Estoy seguro de que hubiéramos acabado por saber toda la historia, pero en medio del fregado llegaron esos tipos tan estirados que hablaron antes que nadie con el director y que se llevaron al paciente y a todo su historial. Llegaron a cerrar el hospital, no se podía entrar ni salir y los móviles y los teléfonos fijos dejaron de funcionar.

Entraron en la red y en los ficheros clínicos, borraron el historial completo del paciente y se llevaron la historia completa, hasta el último papel. Buscaron copias de todas las pruebas en los todos los servicios centrales, en radiología y análisis clínicos, todo. Vi con mis propios ojos cómo arrancaban las hojas de las anotaciones del libro de registros de los anestesistas, y gracias que no se llevaron el libro completo.

Cuando el jefe fue a pedirle cuentas al director del comportamiento de semejantes bárbaros éste le dijo que el paciente exigía secreto absoluto acerca de su historial y que tenía derecho a ello. El jefe le dijo, naturalmente, que el paciente deliraba y que no había hecho petición alguna, a lo cual el director le replicó que el fulano era un pez gordo, que había venido su pariente más próximo y su abogado, con todos los papeles del mundo firmados y sellados, con una orden judicial fetén, por si hubiera dudas, así que deja de tocarme los cojones si quieres conservar los tuyos, ¿entendido?.

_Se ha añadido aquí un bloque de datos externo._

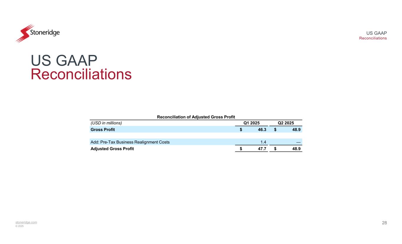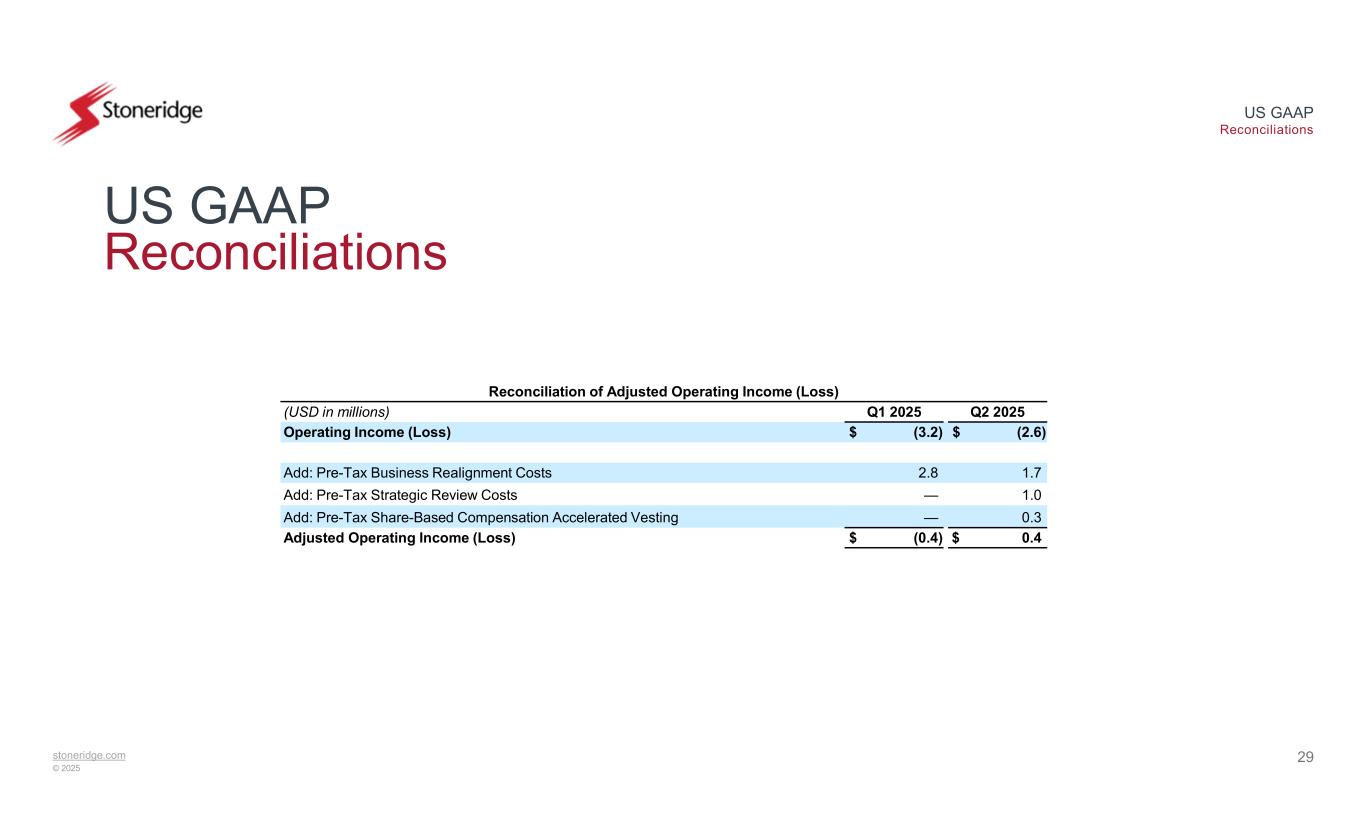 斯通里奇网©2025年美国通用会计准则调节28美国通用会计准则调节调节调整后毛利润Q2 2025Q1 2025(百万美元)$ 48.9 $ 46.3毛利润— 1.4Add:税前业务调整成本$ 48.9 $ 47.7调整后毛利润

Y claro que lo entendió. Mira tú por donde, así nace una leyenda urbana, le oí decirlo por lo bajo. Pero no, no es una leyenda urbana, son cosas que se sabe que pasan, pero que no conviene airearlas. Es como si hubiera un pacto no escrito entre las mafias que se dedican al tráfico de órganos y los responsables de la cosa del orden público: mientras no vayan los cadáveres flotando Manzanares abajo, los secuestros para extracción de órganos serán una 'leyenda urbana' y los desaparecidos lo serán por propia voluntad. De modo que si un día alguien deja viva a una de las víctimas será porque quiere que la encuentren viva, será porque alguien está mandando un mensaje. En el punto en el que estamos ahora, el destinatario del mensaje ya lo ha recibido. Quién es el destinatario y qué significa el mensaje es algo que ni tú ni yo sabremos jamás.